There is too much to do in one picture - show
Palin, show Meyr, show their relationship,
and somehow also indicate they are on the skin of a
gravity- and time-warping entity too
large to picture.
This doesn't rule out drawing Meyr and Palin on
the Watcher, of course: it's just that the
Watcher can't really appear except in the form of a tiny
fragment backgrounding the action.
(I hate it when people
second-guess my thought processes, but I wonder, Brett, if you are
not perhaps applying some of the rules of film to this
different medium?? But OTOH this
background fragment of the Watcher may be close to what you are suggesting in your last)
One point that is probably made irrelevant by the above
is that I've always regarded
Fabian's illustrations of the Watchers and particularly
the South Watcher as canonical:
so far as that can be
meaningful in a much later era when they have developed such
force they can no longer be directly viewed by human
beings. Just a referent for things
like images seen on background viewscreens,
etc.
----- Original Message -----
Sent: Tuesday, February 08, 2011 8:06
AM
Subject: RE: Night land : Sea of images:
Plan 'A'.
I really do NOT want to draw The Watcher because
however well I might manage it, it'll merely be a 'Monster' which we can stare
at and 'map'. As I understand, the appearance of the Watcher is entirely
subjective and it's not so much its physiognomy that matters so much as its
'Personality'. This might be possible as an abstract painting but not for my
pedestrian graphic style (Unless, of course, you want me to do the whole thing
with a hint of 'Abstract', I suspect not. It seems we want to keep something
of a 'House style' in keeping with 'Eater').
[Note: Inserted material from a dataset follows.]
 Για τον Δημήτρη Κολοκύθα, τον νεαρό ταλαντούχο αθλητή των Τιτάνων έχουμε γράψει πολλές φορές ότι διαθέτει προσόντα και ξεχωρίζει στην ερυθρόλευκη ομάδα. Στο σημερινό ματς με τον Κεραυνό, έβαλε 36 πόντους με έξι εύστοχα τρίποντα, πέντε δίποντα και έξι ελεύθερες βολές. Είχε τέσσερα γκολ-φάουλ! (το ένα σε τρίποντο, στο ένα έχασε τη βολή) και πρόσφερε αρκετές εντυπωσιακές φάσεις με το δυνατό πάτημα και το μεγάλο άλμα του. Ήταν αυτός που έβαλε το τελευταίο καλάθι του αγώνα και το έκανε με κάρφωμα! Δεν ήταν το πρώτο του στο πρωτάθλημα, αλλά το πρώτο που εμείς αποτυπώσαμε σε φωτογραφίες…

Accordingly, like God, to portray
the Watcher is to lessen it. (Tempting though it is, as always, to rip
off
Frantisek Kupka's Black Idol).
Ah yes, well of course Kupka's
The Black Idol was in my mind as a starting point, but the Watcher became much
weirder in the writing. I wonder how obliquely it can be represented?
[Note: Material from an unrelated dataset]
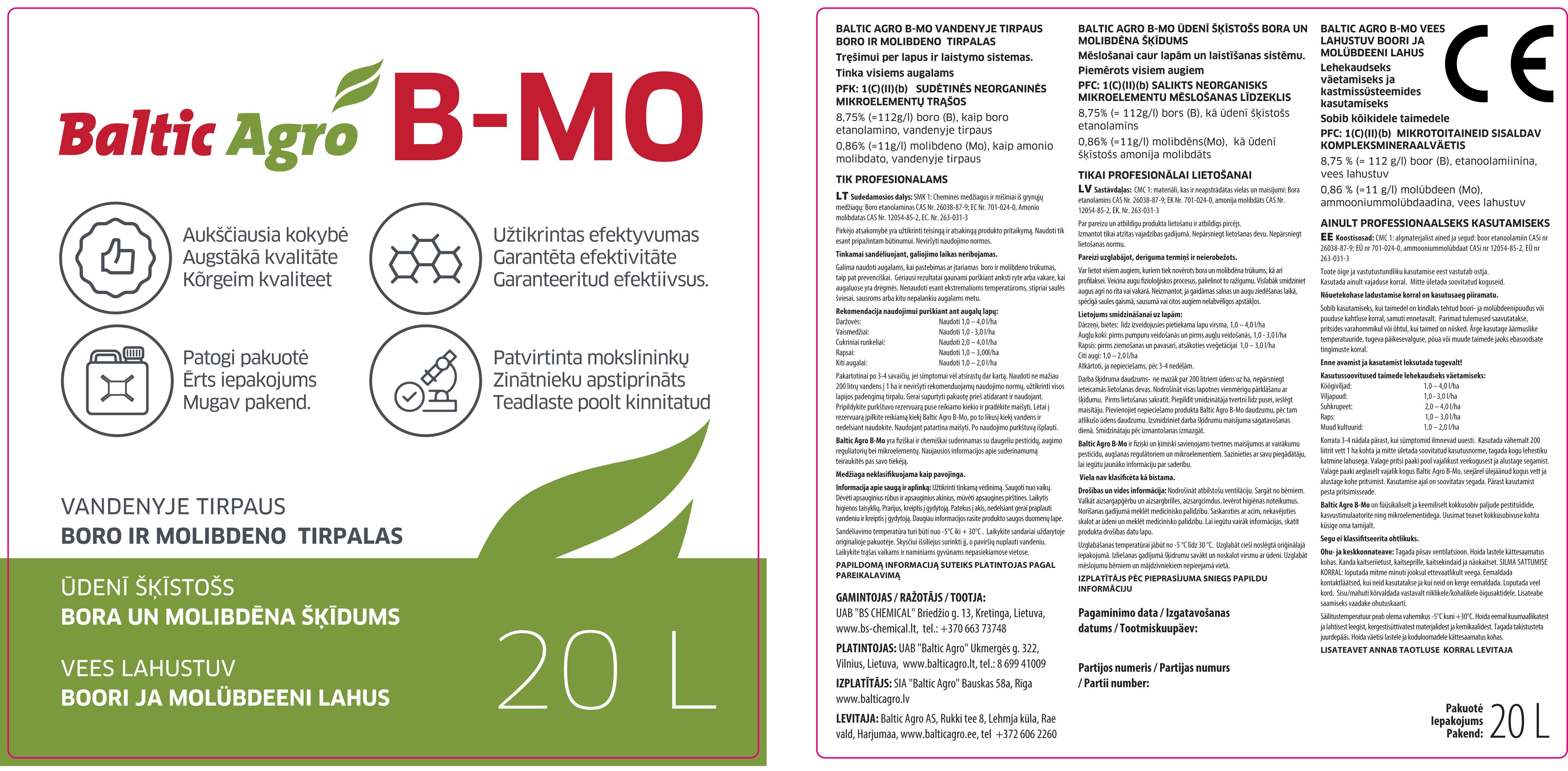Baltic Agro B-Mo on vees lahustuv boori ja molübdeeni lahus, mis sobib lehtede kaudu pritsimiseks ja kastmissüsteemides kasutamiseks kõikidel taimedel.

Parts, synecdoche, a maps and diagrams held in Pallin's hand, that sort
of thing? An important conversation between P and M takes place on the
shores of a "lake" that is the Watcher's eye, and at one point it takes on her
appearance. The human party are like ants crawling over a person's face
(though even smaller, relatively). A
superficially literal but actually metaphorical representation might be
possible???
Going back
to Kupka, The Black Idol derives much of its effect from its obscurity.
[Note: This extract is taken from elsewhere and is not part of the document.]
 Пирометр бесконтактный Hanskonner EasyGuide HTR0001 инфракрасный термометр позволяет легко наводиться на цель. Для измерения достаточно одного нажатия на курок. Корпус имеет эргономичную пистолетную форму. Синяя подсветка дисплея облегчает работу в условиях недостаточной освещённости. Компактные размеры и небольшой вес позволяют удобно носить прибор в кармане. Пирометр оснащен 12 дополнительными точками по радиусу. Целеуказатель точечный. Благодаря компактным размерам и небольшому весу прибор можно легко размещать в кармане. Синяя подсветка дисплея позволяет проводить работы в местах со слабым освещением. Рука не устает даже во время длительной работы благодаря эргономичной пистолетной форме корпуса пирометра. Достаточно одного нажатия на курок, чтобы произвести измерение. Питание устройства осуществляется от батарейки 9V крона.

Could it work is it were even more obscure, barely hinting, horribly, at
an aspect of anthropomorphic form?
I don't want
to pressure you on this as your point that to depict it literally
anthropomorphically would be to lessen it is absolutely correct. Sheer
scale and strange proportions are by no means enough - the monster in
Cloverfield, for example, did not merely disappoint me, it seriously pissed me
off.
A
possibility is that the Watcher is a landscape in itself, and perhaps
something can come of that. It has a fractal, labyrinthine aspect, so
aggregations of parts might be seen to diminish in perspective and then be
seen as components of a greater whole. I've attached a Virgil Finlay
illustration for Aldiss' Cryptozoic. That isn't really what I was
thinking of, but something about, but the idea of a landscape unnaturally
taking upon zoomorphic and anthropomorphic tropes was running through my
thinking. Now, as mentioned above, this can be at gigantic
scale...
Of course
Giger provides plenty of precedents too.
Hmmm, OK,
that's all appropriately weird, but maybe a "reaction shot" is what will be
accessible...
Going back
to the "lake", P and M talk there - actually, I imply pretty clearly that they
have sex. Perhaps there is some potential in thinking of what comes from
two figures on the gleaming, convex surface of an enormous eye? A bit
literal, but in this case, scale may do the
trick...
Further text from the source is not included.